И что особенно удивляло людей — при таких харчах, какие таскала тётка Марфа с базара, выменивая всё, что ни попало за бешеные деньги, каждый раз ссылаясь на то, что ей сиротку кормить надо. Костя не только не поправлялся, а с каждым днём всё становился худее, всё чернее. Нос у него заострился, глаза, чёрные как уголь, запали и блестели, как при лихорадке. И раньше его за цыганчонка принимали, а теперь только цыганчонком и звали. Может, поэтому Марфа и завела поросёнка, чтобы свежим сальцем поддержать здоровье своего приёмыша. А сам Костя за хорошую корзинку копчёной кефали добился разрешения у коменданта немецкого госпиталя брать с госпитальной кухни по ведру помоев в день. Когда он проносил помои по улице, у всех встречных в животах колики начинались — уж больно пахло от тех помоев настоящей человеческой едой. Видно, Клава-судомойка из немецкого госпиталя тоже любила копчёную рыбку…
Что, Костя с Шестой Бастионной, тяжело тебе стало жить на белом свете? Даже странно, что ты, Костя, не можешь сдержать улыбку, когда кто-нибудь из встретившихся старых знакомых пройдёт мимо тебя, как будто не замечая, но за спиной твоей нарочно громко плюнет. Что поделаешь, Костя-цыганчонок, терпи, если стал на такую дорогу вместе с тёткой Марфой и судомойкой Клавой. Зажми сердце в кулак и терпи…
Знали люди только те твои дела, что делал ты у всех на глазах. Что сказали бы они, если бы знали о твоих ночных похождениях. Ведь люди думали, что после сытного ужина залезаете вы с Марфой на высоченные нары, пристроенные под самым потолком в вашем подвале, и спите как мёртвые после трудов «праведных», не боясь, что вас загрызут ночью голодные крысы — не достать им вас. Не вы одни спасались так от крыс в ту пору. Но ошибались люди. Часто постели ваши оставались не смятыми…
Среди ночи вылезал Костя, крадучись, из своей берлоги, залегал в условленном месте среди камней и часами лежал не шевелясь, а порой и не дыша, прислушиваясь ко всем ночным шорохам, лежал, пока рядом не появлялась человеческая тень.

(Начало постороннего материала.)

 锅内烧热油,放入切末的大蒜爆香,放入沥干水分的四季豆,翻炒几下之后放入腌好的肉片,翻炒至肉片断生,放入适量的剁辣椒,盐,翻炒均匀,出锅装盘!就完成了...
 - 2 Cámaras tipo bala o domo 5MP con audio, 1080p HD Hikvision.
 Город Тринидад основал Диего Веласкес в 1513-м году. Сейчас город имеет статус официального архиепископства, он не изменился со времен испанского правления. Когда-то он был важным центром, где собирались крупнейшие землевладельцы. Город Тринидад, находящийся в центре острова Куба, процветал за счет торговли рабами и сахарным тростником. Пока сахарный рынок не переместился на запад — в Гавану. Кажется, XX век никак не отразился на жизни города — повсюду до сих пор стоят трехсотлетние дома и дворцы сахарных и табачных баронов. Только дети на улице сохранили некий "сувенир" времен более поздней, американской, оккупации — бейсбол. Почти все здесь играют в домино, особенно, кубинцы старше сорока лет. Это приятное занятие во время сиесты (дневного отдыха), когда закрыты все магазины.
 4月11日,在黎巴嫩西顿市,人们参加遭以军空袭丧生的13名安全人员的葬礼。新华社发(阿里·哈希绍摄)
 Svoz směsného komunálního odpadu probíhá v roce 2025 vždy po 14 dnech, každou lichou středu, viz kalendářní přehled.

Ему она была хорошо знакома. Да если бы кто из жителей-соседей увидал эту тень среди ночи, то без труда признал бы в ней Клаву-судомойку из немецкого госпиталя. Бывало, что приходила она не одна, приводила какого-нибудь ночного гостя. Клаву Костя не брал под руку и не говорил ей: «Осторожнее — здесь камень… Потерпите немного… Левее — тут воронка…» А гостей ночных он любезно провожал под ручку до самых дверей подвала, передавал с рук на руки тётке Марфе, а сам уходил гулять по ночному городу, хотя отлично знал, что за такие прогулки немцы сажали всех без разбора за колючую проволоку, ежели не приканчивали на месте.
Чаще всего отправлялся Костя на прогулку к берегу у «Трёх святителей», прямо под ноги к немецким часовым — часовые прохаживались по круче у берега, а Костя «гулял» под кручей, у самой воды. Гулял, как ящерицы всю жизнь гуляют: ползал на брюхе меж камней так же проворно и так же бесшумно. При любой погоде, даже осенью, когда и днём-то никто тебя в воду не загонит. Костя раздевался под скалой, полз на брюхе к воде, вползал в неё и отплывал от берега метров на сто — полтораста, да так тихо, что дремавшие меж водорослей зеленухи не шарахались от него в стороны.
Даже осенью купался Костя подолгу, иной раз целый час в ледяной воде просидит, а выползет на берег — не одевается сразу, начинает что-то тяжёлое на верёвке со дна морского вытаскивать, стараясь при этом как можно тише клацать от холода зубами. Если груз застревал на дне между камнями, Костя снова вползал в воду, освобождал груз и опять тащил на берег…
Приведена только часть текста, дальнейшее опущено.